Tomasz Tunguz explained in one of his articles why individuals naturally overestimate their contribution to a team project. He explained that we all have a natural bias because we can see all the hard work that we are contributing to a team effort, and fail to fully comprehend the work that others are also putting in. This leads to resentment among team members who feel that - rightly or wrongly - they alone are carrying the team.
In these situations, it’s not uncommon for teams or individuals to become siloed, only aware of their own role without a picture of how they fit into the project or program as a whole. When things start to go wrong in a situation like this, it’s easy for people to start pointing the finger elsewhere - and very difficult to get to the true root of the issue.
According to Medical Daily, “Because people are “naturally egocentric” they tend to focus on their own contributions and not take into account the work of others. This behavior increases with group size because it is harder to consider everyone’s contributions when groups are larger.”
We found this to be the case in one major bank that was struggling to fulfill its CCAR requirements. The teams were so disjointed and siloed that each felt they were doing their job properly, and it was the other teams that must be causing the failure. The real problem turned out not to be one single team, but a more overarching issue of lacking systems, processes, accountability and, crucially, visibility.
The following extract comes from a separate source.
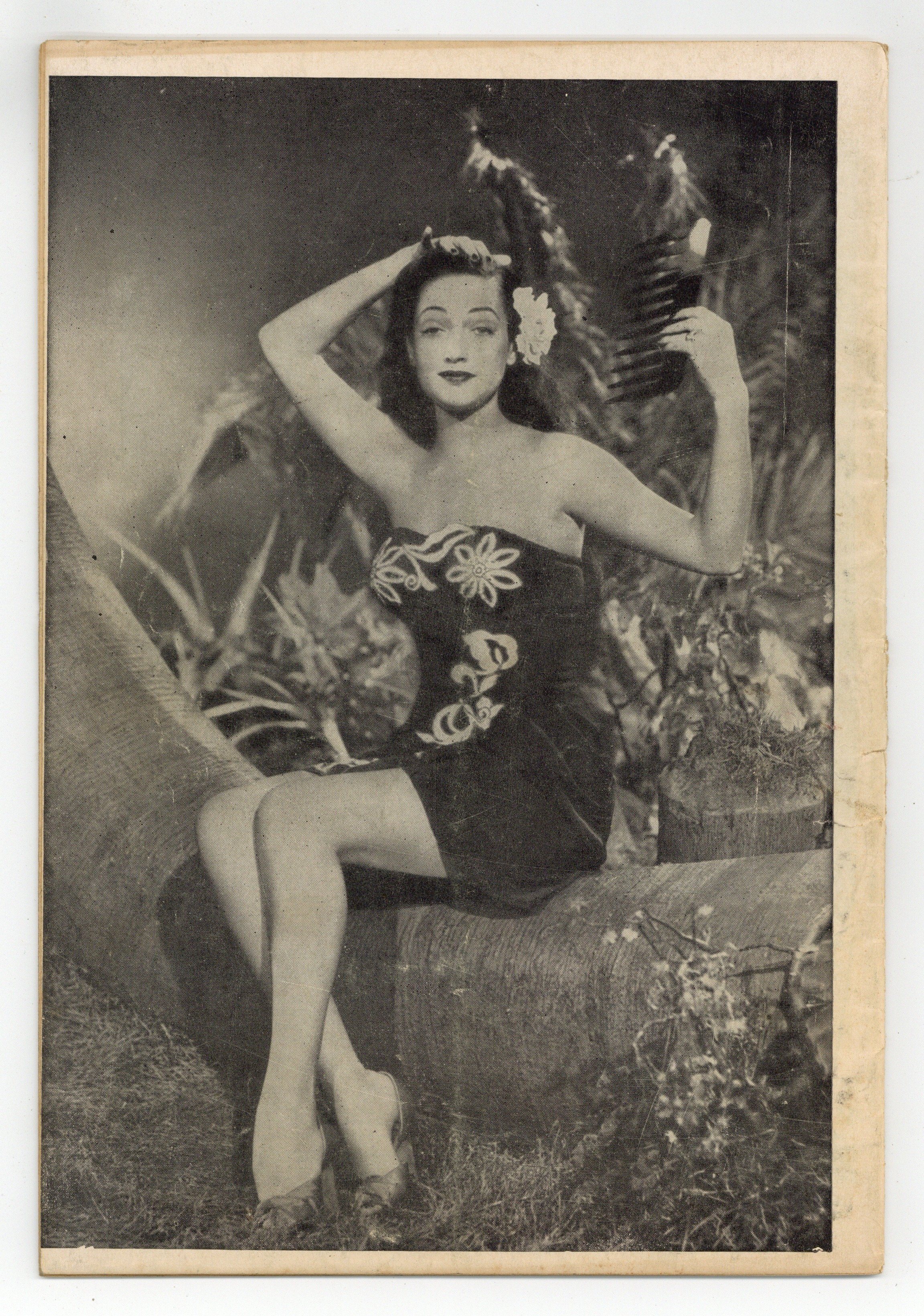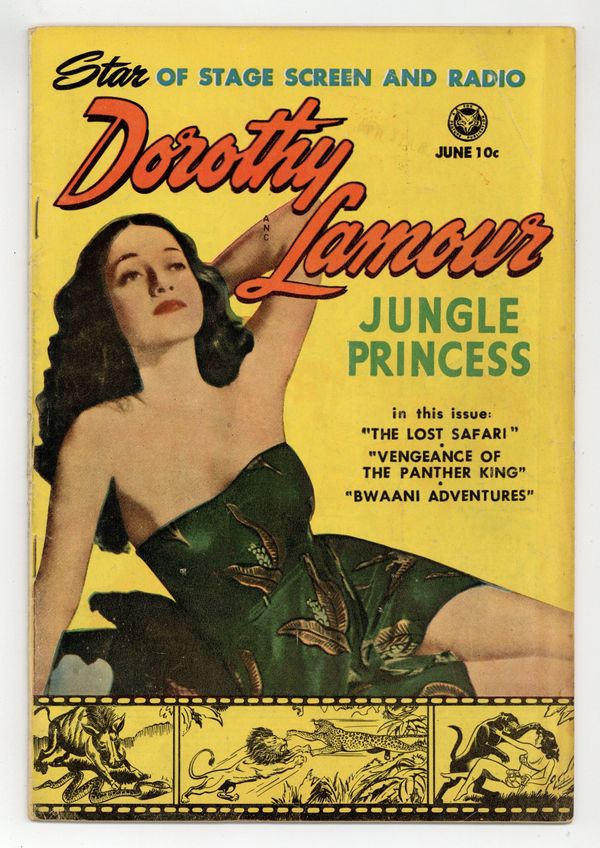 Published Jun 1950 by Fox Feature Syndicate.$70.00Art by Wally Wood and others. Celebrity comic featuring the female star of the Bob Hope-Bing Crosby "Road" movies, presented here as a Sheena-type warrior called Jungle Princess. Numbering continues from Jungle Lil (1950) #1. Jungle Princess seeks a rare moss that could be made into a much-needed medicine; Dorothy confronts a corrupt native chieftain; An African prince schemes to choose the next chief of the Bwaanis. Photo cover featuring a publicity still of the sarong-wearing movie star. Lost Safari; The Taming Of Priscilla; Vengeance of the Panther King; Elephant Stampede; Bwaani Adventures. In order of appearance: "Dorothy Lamour Jungle Princess, Lost Safari"; "Dorothy Lamour, Vengeance of the Panther King"; "Elephant Stampede"; and "Dorothy Lamour Jungle Princess, Bwaäni Adventures". "The Taming of Priscilla" text story. Indicia states "DOROTHY LAMOUR (formerly JUNGLE LIL)". 32 pages, Full Color. Cover price $0.10.

So what can be done to create better visibility and a sense of common purpose between large, federated teams?
The right tools like Cutover make all the difference. When you have large, globally distributed teams it’s impossible to get everyone in a room and difficult to communicate what everyone is doing at once. The Cutover platform provides:
Enterprise-wide visibility, keeping everyone on the same page and allowing individuals to see their actions in the context of the event as a whole. This also helps those running the event to see who is doing what and when, making it easy to solve issues or prevent them before they even happen.
A comprehensive audit trail for post-event learning and regulatory reporting. This avoids reliance on human memory which can be flawed and instead provides real data on who did what and when.
Real-time data, which allows people to make data-based decisions rather than relying on ad-hoc updates via phone and email. While human judgment will still be vital for using this data, decisions no longer have to be made using incomplete information.
Increased collaboration due to better visibility and communications which avoids friction between departments and siloing of teams and information.
Whether teams are big or small, collocated or geographically dispersed, visibility, communication and collaboration are essential for producing the best results.